Received 4 September 2025

Accepted for publication 27 November 2025

Published 13 December 2025 Volume 2025:19 Pages 4613—4621

DOI https://doi.org/10.2147/OPTH.S561486

Checked for plagiarism Yes

Review by Single anonymous peer review

Peer reviewer comments 2

Editor who approved publication: Dr Scott Fraser



Haya Alfarhan

College of Applied Medical Sciences, Optometry Department, King Saud University, Riyadh, Saudi Arabia

Correspondence: Haya Alfarhan, King Saud University, College of Applied Medicine Science, Optometry Department, PO Box 145111, Riyadh, 4545, Kingdom of Saudi Arabia, Tel +966508381107, Email [email protected]

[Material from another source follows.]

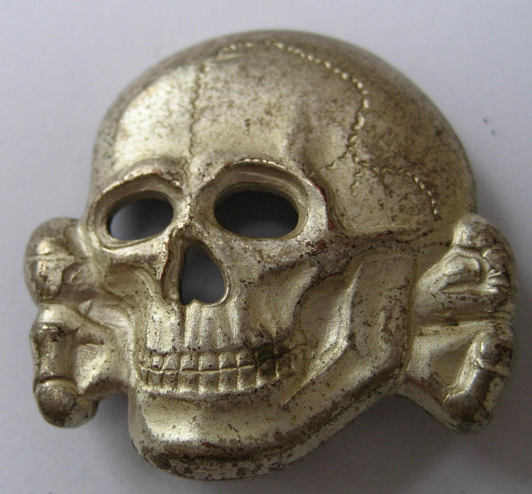 This is a very nice Waffen-SS visor-cap skull, which is executed in silver-finished copper-toned metal (so-called: 'Cupal'). The skull is nicely 'RzM 499/41' marked and could be refferred to the as a text-book 'Zimmermann' piece. The skull retains almost all its silver finish and shows normal wear but regrettably misses one of its prongs. Still a nice and desirable piece!

Purpose: To create and validate a culturally appropriate Arabic translation of the Computer Vision Syndrome Scale-17 (CVSS-17) for assessing computer vision syndrome (CVS) symptoms among Arabic-speaking populations.
Patients and Methods: Following established cross-cultural adaptation guidelines, the CVSS-17 was translated into Arabic by two independent translators, then reviewed by an interdisciplinary committee and back-translated. The questionnaire was administered to 60 healthy Arabic-speaking participants (aged 18– 40 years) across 2 sessions conducted 2– 5 days apart. The psychometric evaluation included internal consistency and test–retest reliability.
Results: The participants had an average age of 20.7 ± 1.3 years (45% male, 55% female), with mean CVSS-17 scores of 34.4 ± 11.0 (range: 20– 60). The Arabic CVSS-17 demonstrated excellent internal consistency (Cronbach’s α = 0.904, range: 0.890– 0.905) and test–retest reliability ranging from 0.50– 0.93, and item–retest correlations ranging from 0.57– 0.91 (p < 0.001). The floor and ceiling effects were minimal (1.7% each), indicating good discriminative ability.
Conclusion: The Arabic CVSS-17 demonstrated excellent reliability and internal consistency, highlighting its utility as a culturally appropriate screening tool for CVS symptoms in Arabic-speaking populations. The cultural adaptation of this questionnaire successfully maintains psychometric integrity and establishes a solid foundation for standardized CVS assessment research in Arabic-speaking regions.

Keywords: computer vision syndrome, CVSS-17, Arabic translation, validation, psychometric properties, digital eye strain

Introduction

The widespread use of digital technology has fundamentally transformed individuals’ daily visual habits, especially due to the increased screen time.1,2 This has contributed to the development of computer vision syndrome (CVS), wherein individuals experience ocular and visual symptoms both during and after prolonged use of digital devices. CVS presents with various symptoms, including eyestrain, headaches, dry eye sensation, blurred vision, diplopia, burning, itching, photophobia, and musculoskeletal discomfort.3

Its pathophysiology involves two mechanisms: accommodative and binocular vision stress result in internal symptoms, whereas ocular surface dysfunction secondary to altered blink dynamics and environmental factors cause external symptoms.4–6 There is substantial variation in the prevalence of CVS worldwide, ranging from 12% (95% confidence interval [CI]: 9–15%) in Japan7 to 99% (95% CI: 97–100%) in Pakistan,8 which could be attributed to differences in usage patterns, occupational requirements, and digital devices. Within Saudi Arabia, CVS has a reported prevalence of 43.5% to 95.1%,9,10 highlighting the significant burden in the region and the critical need for standardized assessment tools.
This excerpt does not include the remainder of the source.